** PROMPT **
From the first line to the last, copy the material word for word; pictures stay out.

** INPUT DATA **
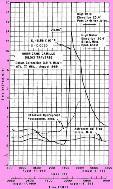 surge hydrographs for Hurricane Camille at Biloxi, Mississippi
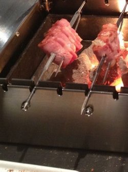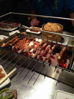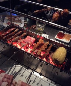 很久以前只是家串店,这家店很不错,特别喜欢。北京的分店现在越来越多了,每家的装修都是一个风格。里面的灯光比较昏暗,环境很好,有远古的感觉。这里的烤串很方便,不用动手,炉子是会旋转的,肉肉可以均匀的加热。喜欢肉筋,挺不错的,肥瘦相间,吃起来很嫩。查看更多
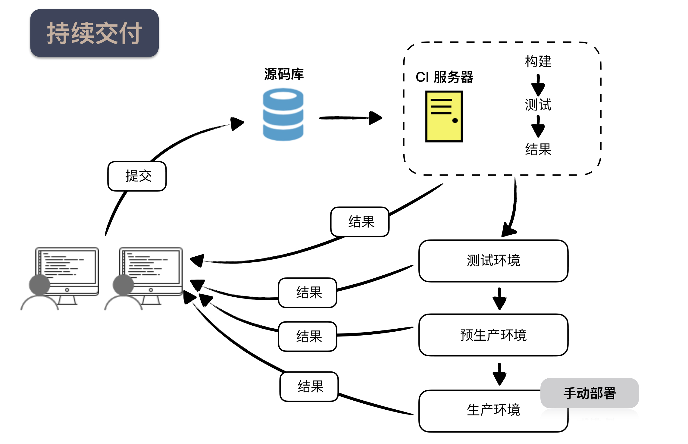 - 持续集成环境,持续集成是持续交付的前提,这个过程主要是执行基本的检查,打出一个可以发布的包
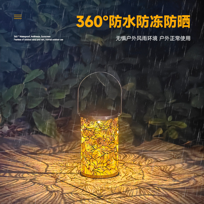 跨境太阳能灯铁艺镂空灯罩户外防水庭院灯草坪花园夜晚氛围景观灯

** FINISHED EXERCISE **
 surge hydrographs for Hurricane Camille at Biloxi, Mississippi
 很久以前只是家串店,这家店很不错,特别喜欢。北京的分店现在越来越多了,每家的装修都是一个风格。里面的灯光比较昏暗,环境很好,有远古的感觉。这里的烤串很方便,不用动手,炉子是会旋转的,肉肉可以均匀的加热。喜欢肉筋,挺不错的,肥瘦相间,吃起来很嫩。查看更多
 - 持续集成环境,持续集成是持续交付的前提,这个过程主要是执行基本的检查,打出一个可以发布的包
 跨境太阳能灯铁艺镂空灯罩户外防水庭院灯草坪花园夜晚氛围景观灯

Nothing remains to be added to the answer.